552P - Genome characteristics of stage I lung adenocarcinoma associated with distinct progression patterns

Date 17 December 2016
Event ESMO Asia 2016 Congress
Session Poster lunch
Topics Non-small-cell lung cancer
Translational Research
Presenter Ee Ke
Citation Annals of Oncology (2016) 27 (suppl_9): ix179-ix180. 10.1093/annonc/mdw601
Authors E. Ke, F. Niu, N. Zhao, W. Deng, W. Zhong, Q. Zhou, Y. Wu
  • Guangdong Lung Cancer Institute, Guangdong General Hospital, 510080 - Guangzhou/CN



The low-dose CT screening results in a reduction in mortality from lung cancer. However, the limitation of screening is overdiagnosis and overtreatment. Once we can predict the behavior of the cancer, i.e., whether it is indolent or actually threatens the patient’s life, we will be able to give better advice.
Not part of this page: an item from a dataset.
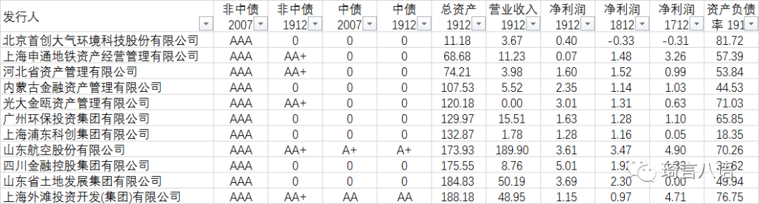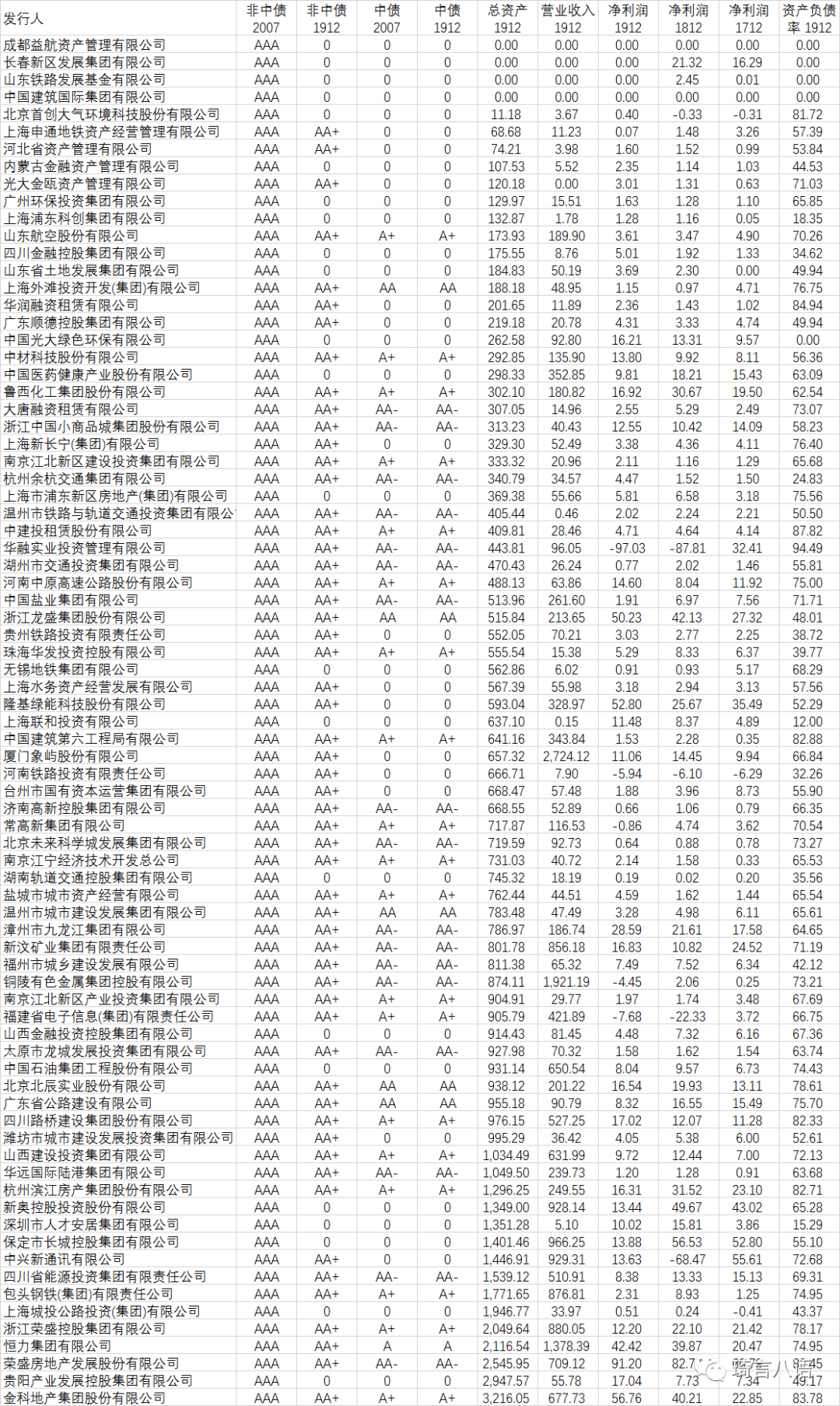可以看出,其中有多家企業(yè)的總資產(chǎn)不足二百億,甚至不到一百億,記得以前AA+的資產(chǎn)規(guī)模門檻都有二百億的:

The study included 17 cases with stage I lung adenocarcinoma. The indolent group contained 10 patients whose tumor grew very slowly in nearly 2-year-follow-up and the aggressive group contained 7 patients whose disease-free-survival (DFS) was less than 6 months and overall survival (OS) less than 2 years. DNA was extracted from the tumor and their matched normal lung tissue from the patients enrolled in our study. The paired-end multiplex exome sequencing of DNA was performed on the Illumina HiSeq 2500 sequencing platform.
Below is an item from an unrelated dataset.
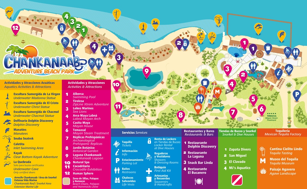 (webside) Strandklubb i nasjonalparken. Adgang er ca 170 kr for voksne, 110 kr for barn (3-11 år). Mange aktiviteter å velge mellom, fra delfinsvømming til zip-lines.

The mean depth of the sequence was 90x. The mean number of exonic mutations per sample was 132 (range 42 to 287) in aggressive group versus 54 (range 26 to 95) in indolent lung cancers (P = 0.035). A numerically higher frequency of C>A nucleotide transversion was identified in aggressive lung cancers whereas the C>T transition was the most frequent substitutions in indolent group. Mut-driver genes included EGFR (6), APC (1), PIK3R1 (1), GNAS (1), CRLF2 (1) in tumors displaying an indolent behavior, and KRAS (4), EGFR (2), TP53 (3), ALK (1), PIK3CA (1), MAP2K1 (1), PDGFRA (1), CARD11 (1) in aggressive arm. Pathway analysis using KEGG database showed that more pathways were activated in aggressive group, but none in the indolent group. Based on the GO terms and KEGG annotation, these unigenes of aggressive cancers were highly suggested to be involved in cell adhesion.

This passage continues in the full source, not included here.